Rewrite the equations of the given boundary lines:

y = -x + 1 ==> x + y = 1

y = -x + 4 ==> x + y = 4

y = 2x + 2 ==> -2x + y = 2

y = 2x + 5 ==> -2x + y = 5

This tells us the parallelogram in the x-y plane corresponds to the rectangle in the u-v plane with 1 ≤ u ≤ 4 and 2 ≤ v ≤ 5.

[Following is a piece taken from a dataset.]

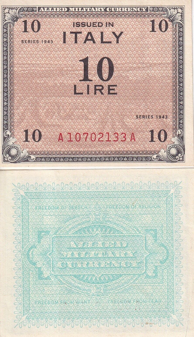 Italy 10 Lire 1943 Allied Military P M13b XF/VF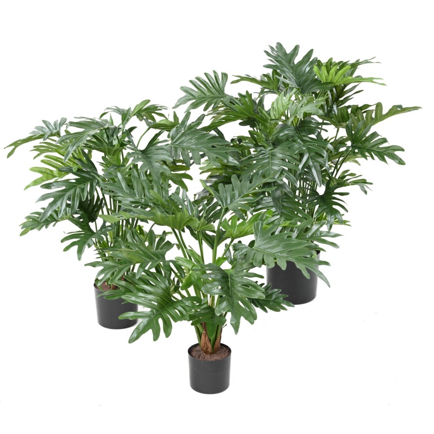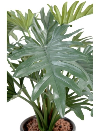 PHILODENDRON SELLOUM 50CM Artificiel, composé de 21 feuilles de diverses tailles, les plus petites mesurent 13,5 cm et les plus grandes 22,5 cm. A la base un pot PVC de diamètre 11 cm et hauteur 9,5 cm.

Compute the Jacobian determinant for this change of coordinates:

$J=\begin{bmatrix}\frac{\partial u}{\partial x}&\frac{\partial u}{\partial y}\\\frac{\partial v}{\partial x}&\frac{\partial v}{\partial y}\end{bmatrix}=\begin{bmatrix}1&1\\-2&1\end{bmatrix}\implies|\det J|=3$

Rewrite the integrand:

$-3x+4y=-3\cdot\dfrac{u-v}3+4\cdot\dfrac{2u+v}3=\dfrac{5u+7v}3$

The integral is then

$\displaystyle\iint_R(-3x+4y)\,\mathrm dx\,\mathrm dy=3\iint_{R'}\frac{5u+7v}3\,\mathrm du\,\mathrm dv=\int_2^5\int_1^45u+7v\,\mathrm du\,\mathrm dv=\boxed{333}$